# grumpy cat vs grumpy hedgie



## MrPinball (Feb 23, 2013)

For all us hedgie lovers: Back of kitty! haha Couldn't help myself! :lol:


----------



## SouthernSweet (Jul 25, 2012)

haha. hedgehogs win at grumping!


----------



## Dipper180 (Mar 7, 2013)

*Died from an adoracute overdose. The funeral will be Monday. *

Grumpy hedgie dominates as always.


----------



## Avarris (Dec 3, 2012)

Dipper180 said:


> *Died from an adoracute overdose. The funeral will be Monday. *
> 
> Grumpy hedgie dominates as always.


Where can we pick up your hedgie? Oh, wait that's rude, where do we send flowers? Hahaha

Love the Grumpy Hedgehog! Mind of I share on my Facebook?


----------



## MrPinball (Feb 23, 2013)

Avarris said:


> Love the Grumpy Hedgehog! Mind of I share on my Facebook?
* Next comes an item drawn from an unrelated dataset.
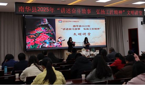 2月20日,南华县委文明办、县审计局、县税务局联合举办了以“讲述奋斗故事,弘扬工匠精神”为主题的文明讲堂活动。参加此次活动的有县委宣传思想文化工作领导小组成员单位工作人员及相关企业代表共60余人。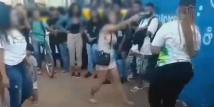 DISTRITO FEDERAL | Uma jovem apontou uma arma para a cabeça de uma aluna durante uma briga em frente ao Centro Educacional São Francisco, o CED Chicão, em São Sebastião (DF), na terça-feira (22). Vídeos da confusão divulgados nas redes sociais mostram a jovem abrindo a bolsa, sacando a arma e apontando para a cabeça da estudante. As informações são do G1.

Help yourself! Grumpy Hedgies rule! :lol: We should have a grumpy hedgie face thread. Would love to see everyone's grumpfaces and death stares lol


----------



## jerseymike1126 (Jan 20, 2011)

christine is going love this


----------



## MrPinball (Feb 23, 2013)

Another grump face aka Death Stare. Level: ninja. :lol:


----------



## AngelaH (Jul 24, 2012)

Here is my favorite pic of a grumpy Thistle... What do you mean you're out of mealies?!


----------



## MrPinball (Feb 23, 2013)

AngelaH said:


> Here is my favorite pic of a grumpy Thistle... What do you mean you're out of mealies?!


Bahahaha! He looks not happy. "Surrender the mealies!"


----------